Milestone Report - Exploring Swiftkey Corpus

Introduction

The objective of Coursera Data Science Capstone Project is to develop an app that predicts, based in a sequence of 2 words, a third one. The prediction model should be based in some documents provided by Swiftkey.
This report is the assignment of week 2 of the . Basically, the aim of this paper is to get the data required by the course, preprocess it and make some exploratory analysis. Then some ideas about how I would get a predictive model.
I use the following packages: dplyr, ggplot2, tidyr, and tm.

Getting and processing the data

First, according to the task specification, data is downloaded from Coursera-SwiftKey.zip if it is not locally available.

Then, the file is unzip. It has 4 directories (de_DE, en_US, fi_FI, ru_RU). Files from ‘en_US’ directory (en_US.blogs.txt, en_US.news.txt, en_US.twitter.txt) are used to create a corpus. These are large text files (200.4, 196.3, 159.4 MB and 899288, 77259, 2360148 lines respectively).

Table 1

Summary of the corpus dimensions.

Document	Size (MB)	Lines (n)	Characters (n)
blogs	200.4	899288	208361438
news	196.3	77259	15683765
twitter	159.4	2360148	162384825

Cleaning the data

In order to handle the data with my PC, I decided to sample 1/100 lines from the content of the corpus. Then, I filtered the content to include characters, remove extra spaces, and convert to lower case.
I decided to avoid removing stop words, because I believe that I will need them in my predictive model (see below).

Term Document matrix for 1, 2 and 3 words n-gram

Using NLP::ngrams function, term document matrix of 1, 2, or 3 words n-grams were built.

These 1, 2, or 3 n-grams term document matrices have 44221, 334334, and 592876 terms respectively. Among them, there are many with a really low frequency. For example, there are 24289, 269253 and 549203 unique terms per matrix with a frequency of 1. Thus, one may consider that lot of these terms as noise that should be removed before continuing. tm::removeSparseTerms function allows filtering out these infrequent terms. Figure 1 shows the number of terms according to the selection of the ‘sparse’ parameter of the function for the 3 term document matrices.

Figure 1

Number of terms of term document matrices according to the sparse parameter in tm::removeSparseTerms function.

Exploring the data

Distribution of terms according to the documents in the corpus

A good approach to reduce the number of words (unigrams), as suggested above, would be to use tm::removeSparseTerms function with a sparse parameter between 1/3 and 2/3. Thus I use 0.5. Figure 2 shows the 20 more frequent words in the corpus after tidying it.

Figure 2

Words distribution in the corpus. Notice that many of them are ‘stop words’.

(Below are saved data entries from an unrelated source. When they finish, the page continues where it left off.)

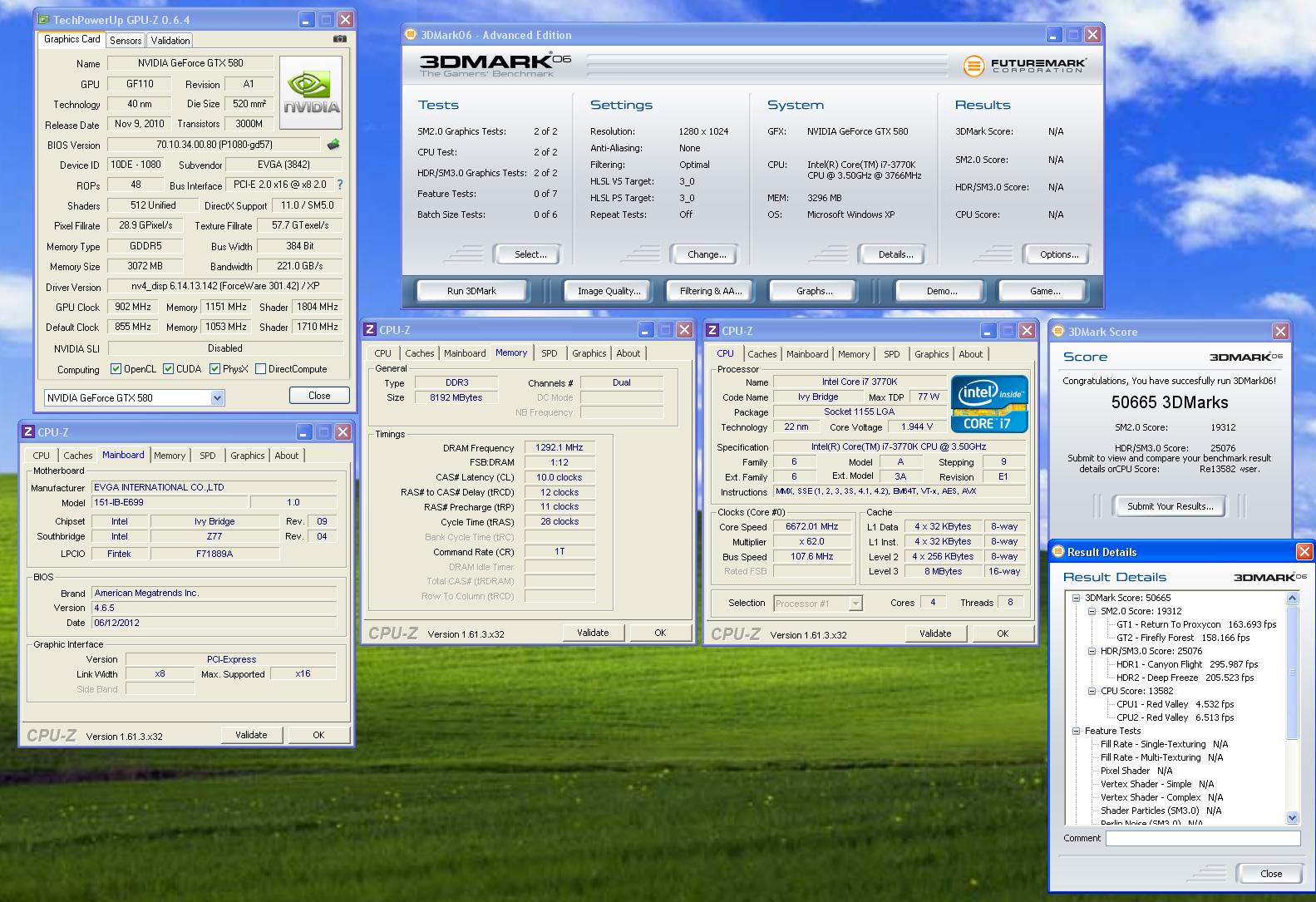 Винс «k|ngp|n» Люсидо снова близок к покорению вершины оверлокерской лиги Pro OC. За последнюю неделю он поднялся на второе место, опередив итальянского мастера разгона rsannino и известного энтузиаста Mad222 из Гонконга. Вчера k|ngp|n установил новый мировой рекорд в тесте 3DMark 06 для двух GPU — 50665 очков, использовав для этого пару видеоадаптеров EVGA GeForce GTX 580 Classified, разогнанный до 6672 МГц процессор Core i7-3770K и материнскую плату EVGA Z77 FTW.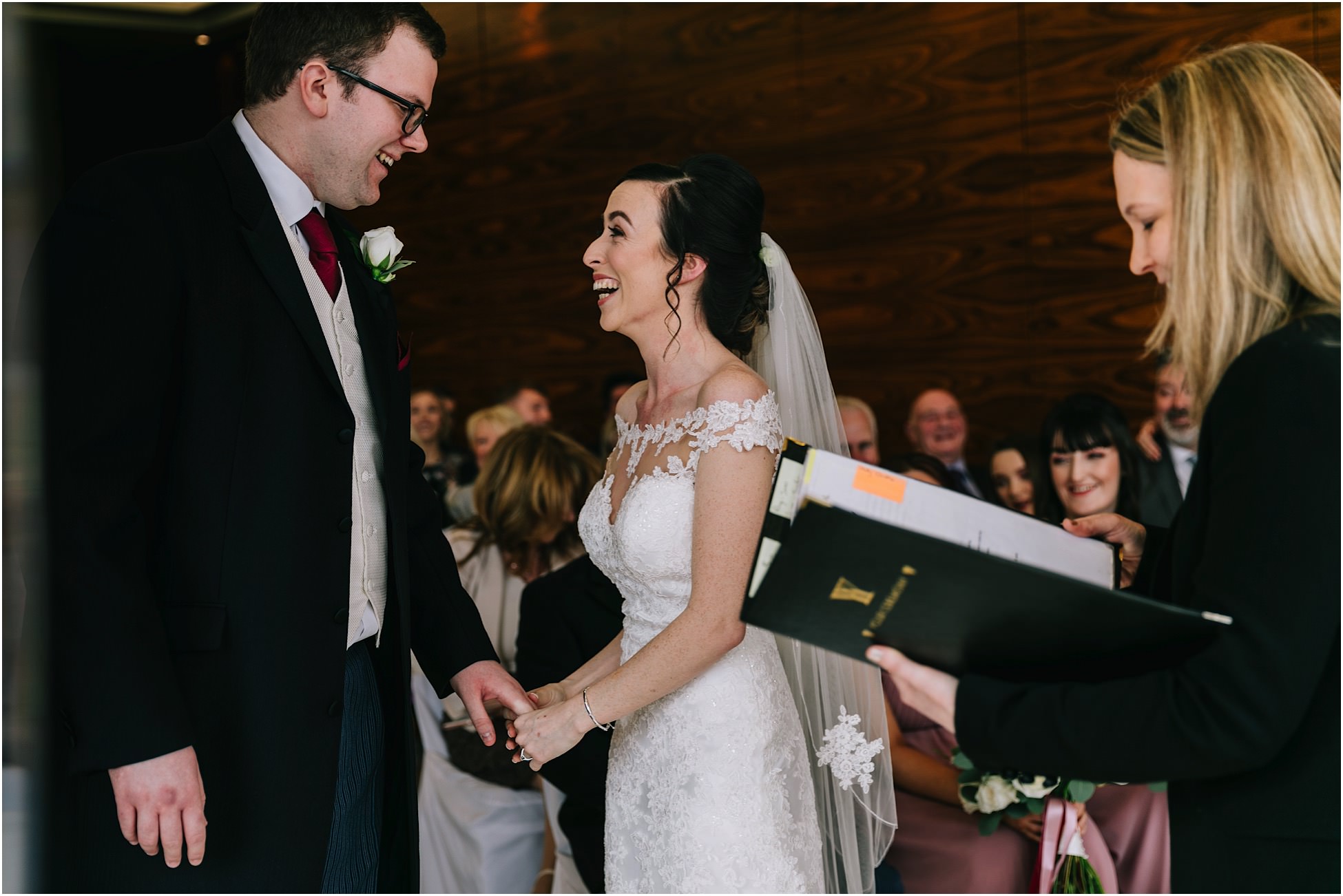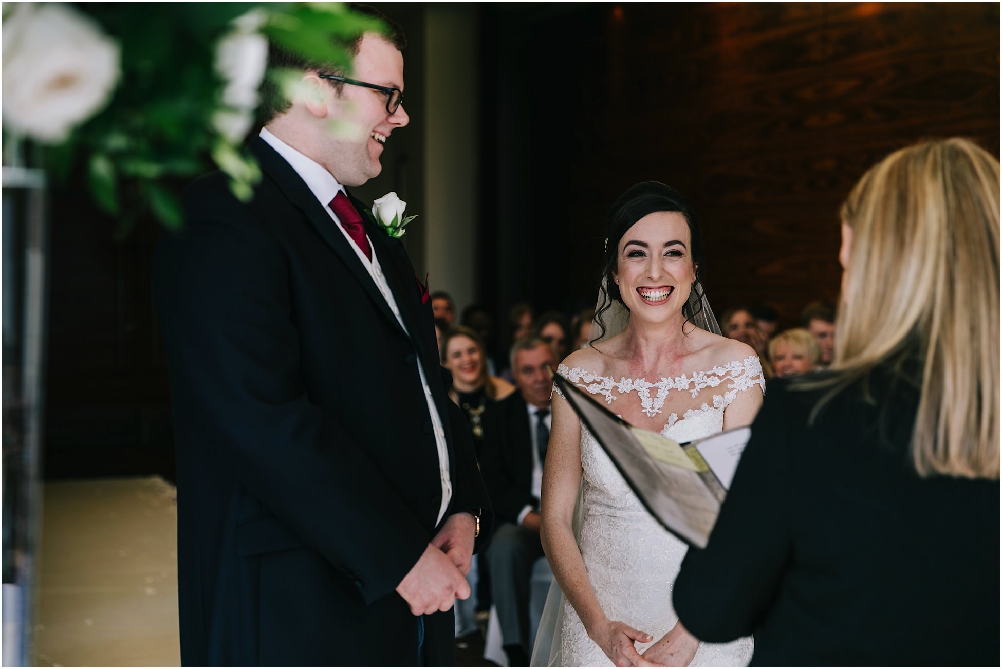 At this point the sun was shining, there were just a few grey clouds gathering on the horizon but nothing to show that snow was on the way! By the time Melissa walked down the aisle with her Dad the sky was dark and the snow was coming down thick and fast. That didn’t stop the couple laughing and giggling their way through the ceremony, it was really lovely to see how much fun they have together.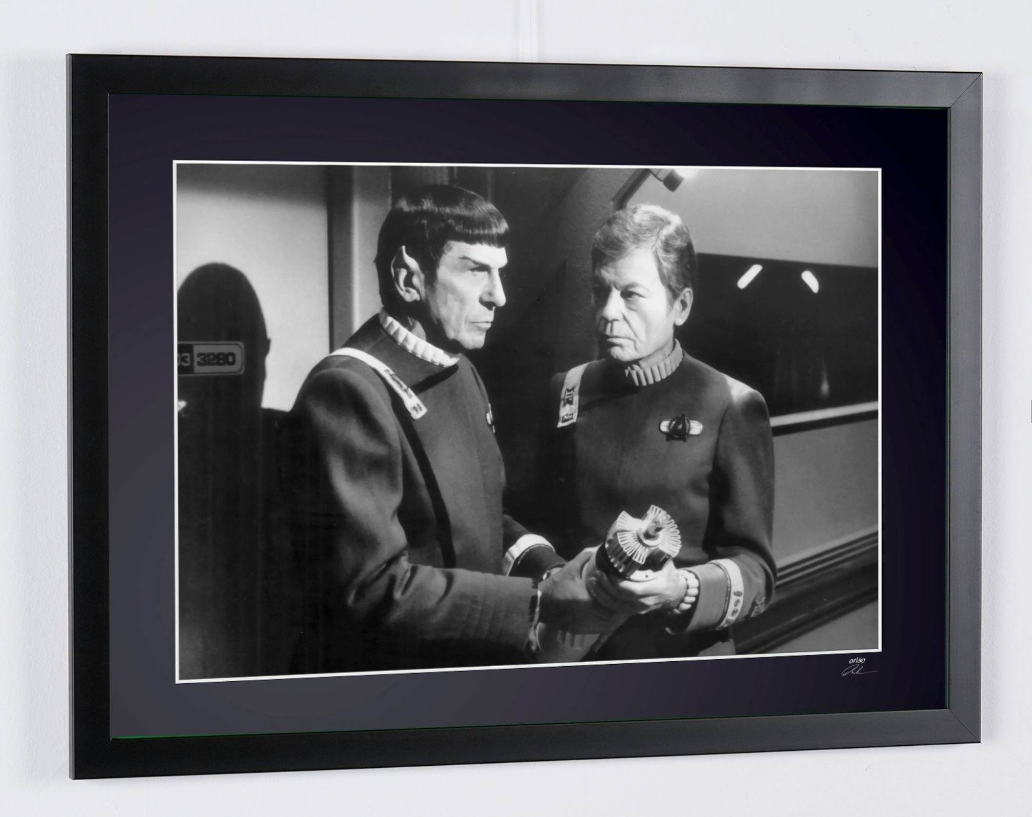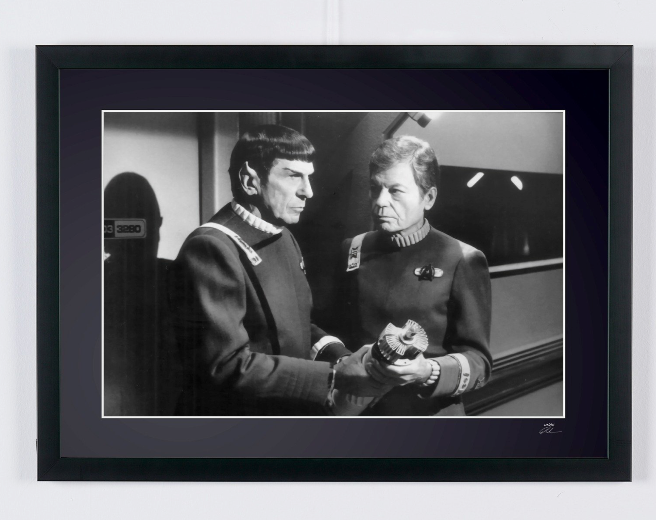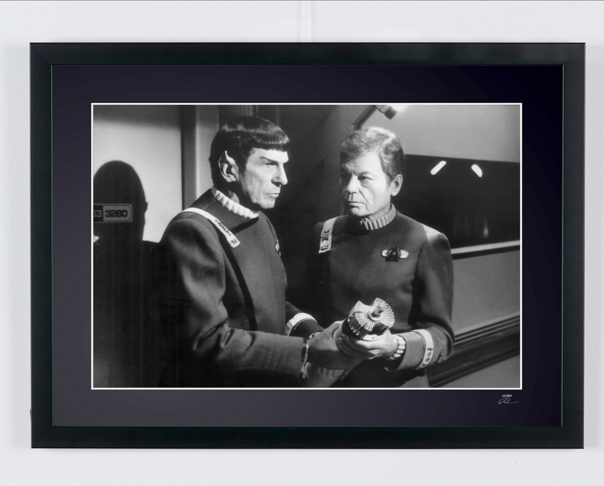 Photo encadrée de "Star Trek VI: The Undiscovered Country - Leonard Nimoy as Captain Spock and DeForest Kelley" — Tirage d'art noir et blanc sur papier Fine Art 70x50 cm
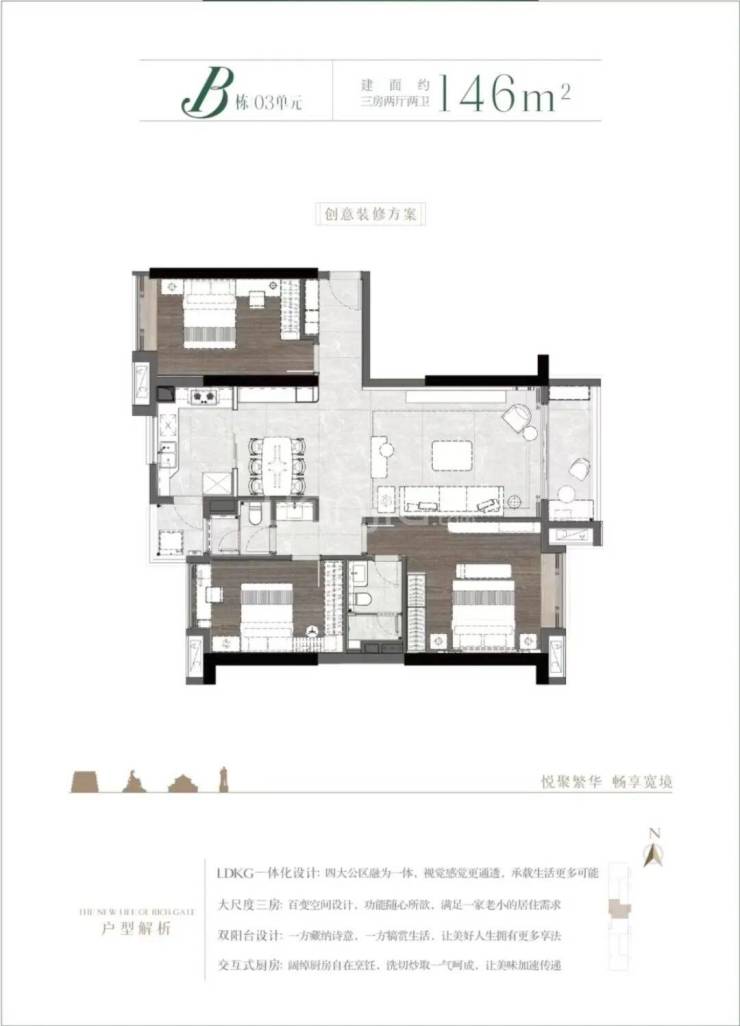 B栋03单元东西对流146㎡大厅大房三房户型:

Figures 3 and 4 show the frequency of the 20 more frequent bi and trigrams of the corpus.

Figure 3

Distribution of 2 words n-grams according to the documents in the corpus.

Figure 4

Distribution of 3 words n-grams according to the documents in the corpus.

What’s next…

In order to built the predictive model, I will study about n-gram models and how to deal with out of vocabulary terms. I will continue processing the data and I will explore if word stemming is useful to strength the model.
Finally I will build a nice shiny web app and a presentation.